Yi Hou: I think the language the paintings create is a sense of mutualism, but also complexity, encryption. The signs—the objects, symbols, the language fragments—are a form of mutually encrypted code, protected through a cipher. And the cipher is the You-I relationship that I share with the subject. I’m interested in opacity, and honoring opacity, in the way that Édouard Glissant wrote a lot about. “Diversity” in the real sense of multiplicity, unknowability, of being-with. Creating opacity through symbology also, I hope, invites the viewer to spend more time with the work, to slow down its consumption. The work hopefully invites work on the part of the viewer, maybe not necessarily in the sense of to look is to labor, but work in the physics-sense, which is the exchange of energy via force done upon something.
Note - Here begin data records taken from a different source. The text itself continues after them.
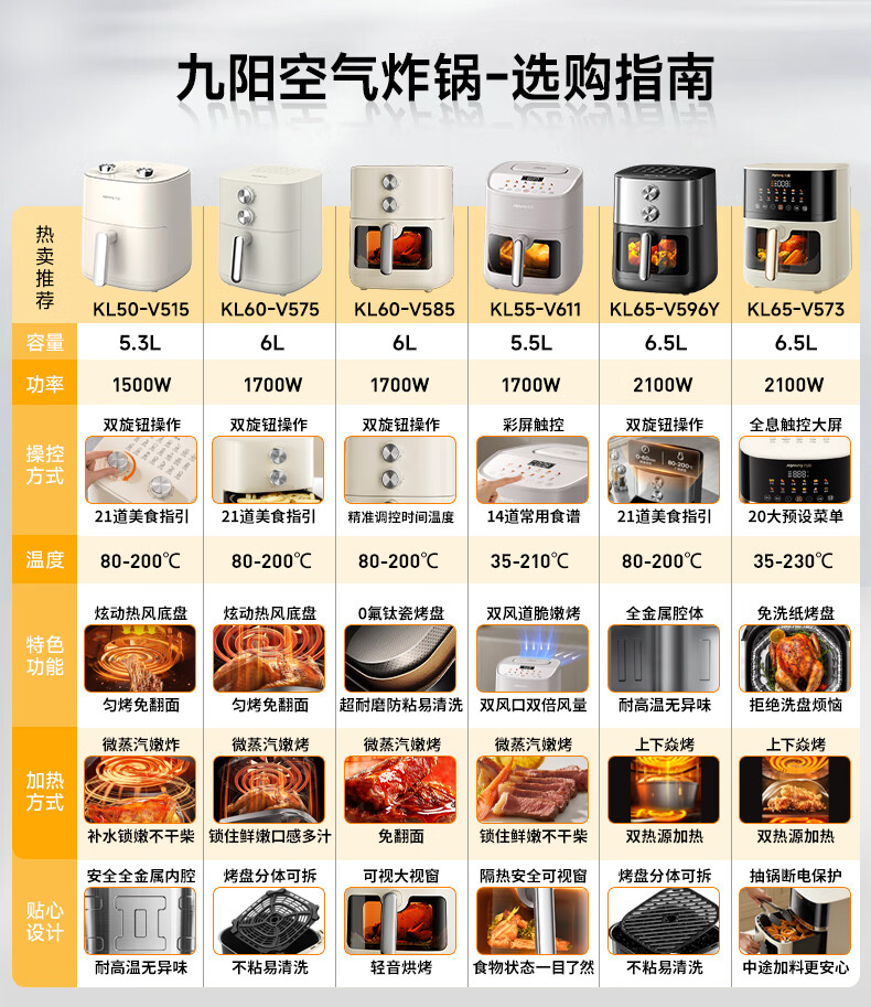 九阳(Joyoung)家用免翻面6L大容量 空气炸锅 蒸汽嫩烤蒸烤炸一体机 多功能电炸锅 金属内腔不粘锅 KL60-V575
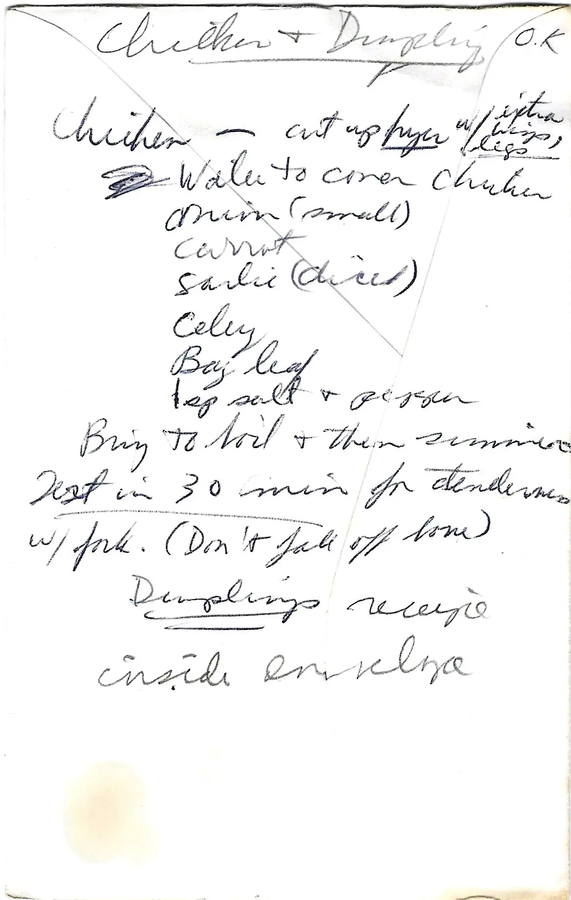 - Bring the defatted chicken broth back to a boil (the card says “add lots of water” which may mean to ensure there’s plenty of boiling liquid).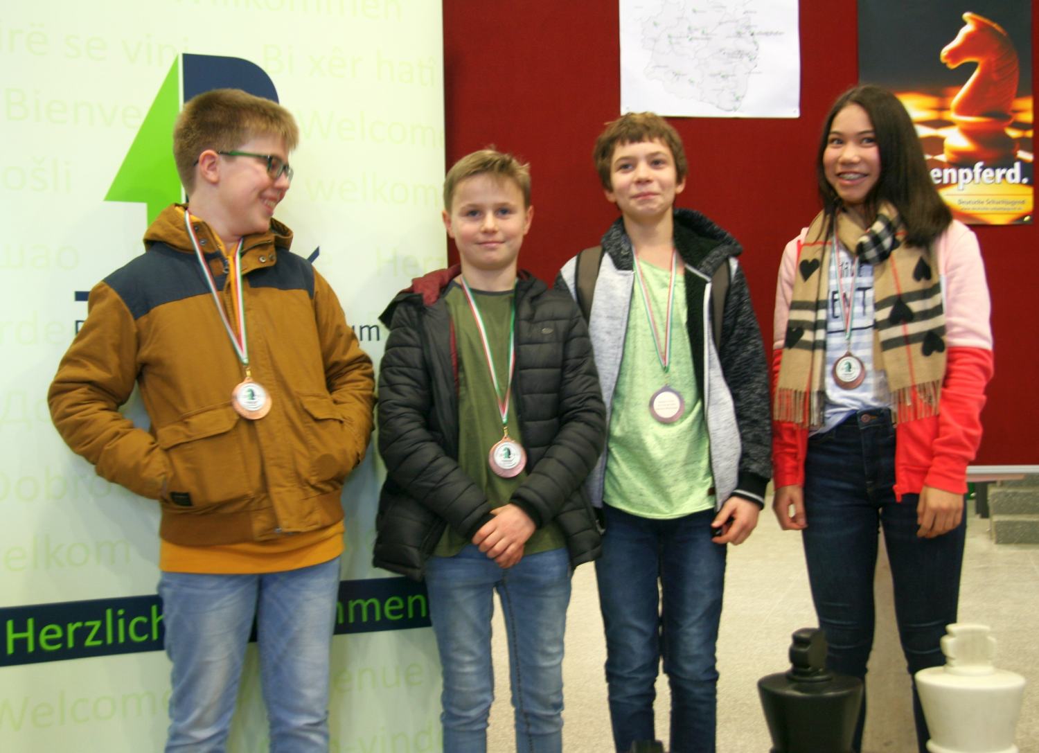 Ein starkes Turnier spielte HHG1 (Rasmus Wannenmacher, Benjamin Fieker, Aaron Patschula, Sofie Grimm), mit Platz 4 wurde die Qualifikation für die Rheinland-Pfalz-Meisterschaft nur knapp verpasst. Nach verhaltenem Start arbeitete sich das Team stetig nach vorne und bekam in den letzten 3 Runden die stärksten Gegner vorgesetzt. Gegen den überlegenen Turniersieger HSG KL war wenig auszurichten, aber Burg KL und IGS Landau wurden besiegt, sodass wir mit diesen Schulen punktgleich waren. Schließlich gab die Brettpunktwertung leider den Ausschlag gegen uns, die erwähnten Mannschaften belegten die Plätze 2 und 3. Topscorer war Aaron: Er blieb mit 5 Siegen, 2 Remisen unbesiegt.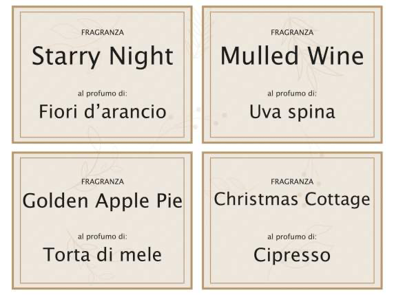 Fragranze: Starry Night, Golden Apple Pie, Mulled Wine, Christmas Cottage (scorrendo le foto trovi le descrizioni delle profumazioni!)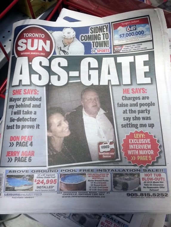 The opportunity to print the word “Ass” in a headline size normally reserved for declarations of war comes only once in the career of the editor of a respectable newspaper, and a half-dozen times if you’re the editor of the Toronto Sun. Still, one must sink to the occasion when the opportunity arises!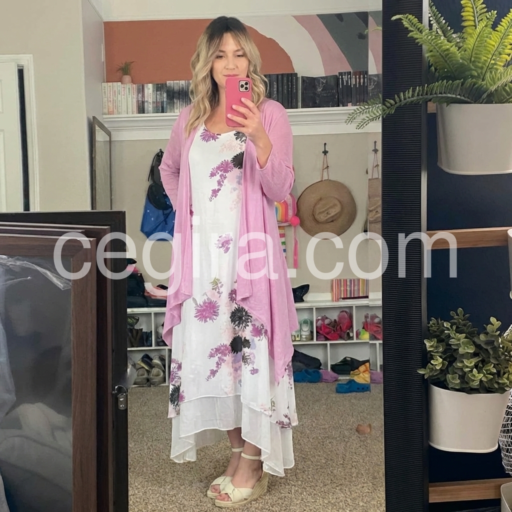 Upgrade your wardrobe with our Chic Floral Print Midi Dress! This versatile piece comes with a stylish outerwear, perfect for any occasion. The elegant floral print adds a touch of sophistication, while the mid-length design provides both comfort and style. Elevate your fashion game with this must-have dress.

In any case, the act of decoding, or reading the work, hopefully creates more of a dialogical relationship between the viewer, the artwork, and the artist, rather than more of a one-way didactic one.
Magic is a really interesting kind of metaphor to use. Magic. I mean, what is magic? Is it the otherworldly? The transformation of fantasy into reality? Or just the illusion of it? I don’t really believe in magic. Sure, I think a lot of things in my life might be magical, and I think that life is magic in a way, but I think I've always approached life with a more earthbound logic.
To this end, I suppose they’re sigils in the sense that they communicate something from beyond, but very infrequently is it something suprahuman. They often tend to be quite indexical and matter of fact. I think encryption and opacity engenders an air of mystery which bestows the illusion of magic. But I’m very human-centric. I think the metaphysicality of humanness is magical, but also very human, very mundane. It is what it is.
Rail: I like the more digital language you apply to it—the caching and encryption and inscribing, encoding, but that also feels close to, you know, early definitions of magic through the magi, the Persian magoth and the binding of the metaphysical world and the deciphering of unknowability through dreams, of trying to transfer something that can't be transferred, through images, which I think this idea of portraiture really engages in on some level.
Yi Hou: I think a lot about Trinh T. Minh-ha’s work, especially in her text Woman, Native, Other. She explains how the language of Taoism and Zen are complex and opaque, but are able to transmit much more profundity than more conventionally clear prose. Koans, for example, are stories and riddles rife with paradox, and yet it’s through this complexity that the reader is taken along for the ride so to speak and comes to their own conclusions and answers. She contrasts this with the authoritarianism of the “clear” prose of rhetoric which often seeks to persuade through command, through more normative conventions of ordered language, cause-effect. The authoritarianism lies in the fact that it seeks to produce and persuade people of a single answer, by delineating a straight, clear, overly illuminated path. However, it’s only through meandering through the darkness and bramble of a Koan does one come closer to enlightenment. There’s much more of a multiplicity of interpretation, which is the kind of hermeneutic I prefer when it comes to art. But of course, there’s always a balance, this tension between mystery and clarity, opacity and transparency. You just always gotta be honest with it.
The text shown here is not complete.